I deliberately messed up this code a little for our purposes here – though it’s still better than much code I have seen in the wild – so let’s critique it. I really don’t like the exception handlers here. They represent special cases, and one of the things I have learned through experience is that special cases are the enemy of clean code. They disrupt the flow of the program and they make ideal hiding places for bugs.

Exceptions bring their own evil with them, being essentially gotos in disguise, but worse still, only one of the exception handlers here is handling genuinely exceptional behaviour. The other is handling part of the API’s specified behaviour. We’ll come back to that in a moment.

Now, we don’t need to go into the details of the web framework being used here (it’s spark-java); suffice to say that all web frameworks can be configured to trap unhandled exceptions and return a preconfigured HTTP response when they happen. Different responses can be mapped to different exception classes: it would be appropriate to return the HTTP 500 response when a top-level Exception is thrown, so we can remove that catch block from the findBookByIsbn method.

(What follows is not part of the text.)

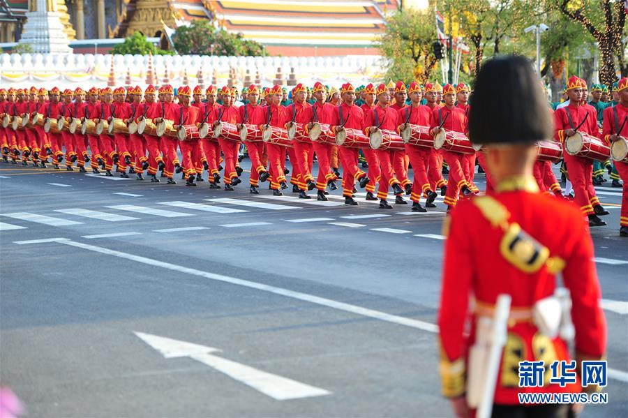 5月5日,儀仗隊在曼谷大王宮附近舉行的泰國國王加冕典禮巡游上列隊前進(jìn)。 新華社發(fā)(拉亨攝)

On the other hand, the 400 response “ISBN is not valid” is due to invalid input from the client and is very much part of the specified API behaviour. The isbnFromPath method is throwing an IllegalArgumentException when the parameter value from the client does not match the right format for an ISBN number. This is what I meant by a disguised GOTO; it obscures the logic because it is not immediately obvious where the exception is coming from.

There is something more that seems to be missing entirely there. What happens when findBookByIsbn does not find the book? That should result in an HTTP 404 response and, in use, so it does, so where did that happen? Examining findBookByIsbn we see the answer:

Book findBookByIsbn(Isbn isbn) {
    return bookRepository.retrieve(isbn).orElseThrow(() -> Spark.halt(NOT_FOUND_404, BOOK_NOT_FOUND));
}

This makes things even worse! Here we’re making use of a framework feature by which an exception encodes an HTTP 404 response within it. This is important control flow that is completely obscured in the endpoint implementation.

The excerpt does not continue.